Mayor of Sunshine Coast Region
- In office 28 April 2012 – 16 March 2024
- Preceded by: Bob Abbot
- Succeeded by: Rosanna Natoli

Personal details
- Party: Independent
- Alma mater: University of Southern Queensland Australian Institute of Company Directors
- Website: markjamieson.com.au

= Mark Jamieson (politician) =

Australian politician and former business executive

Mark Jamieson is an Australian politician and former business executive who served as the mayor of the Sunshine Coast Region, the ninth most-populous local government area in Australia, and fifth most-populous in Queensland. He has also served as President of the Local Government Association of Queensland, director of the South-East Queensland Council of Mayors and as a director of the Australian Local Government Association since 2016.

Jamieson was first elected in April 2012 with 31.93% of the primary vote, placing first in a field of 8 candidates. He retained office in 2016 with 61.90% of the vote, and was elected for the third time at the local government elections held in 2020, winning 49.48%.

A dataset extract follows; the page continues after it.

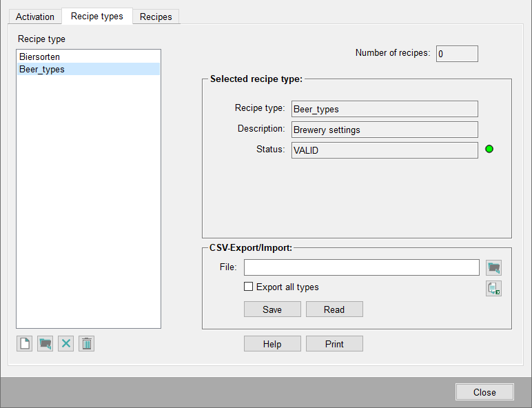 If you have set the parameters correctly then the entry is added to the list of recipe types and is given the status of valid:

Jamieson announced in November 2023 that he would not be recontesting the position at the 2024 Queensland local elections. He was succeeded by television presenter Rosanna Natoli.

Prior to his election to the mayoralty, Jamieson served in various senior executive positions, including as CEO of Australia-New Zealand publishing company APN News & Media. Jamieson is a graduate of the Australian Institute of Company Directors.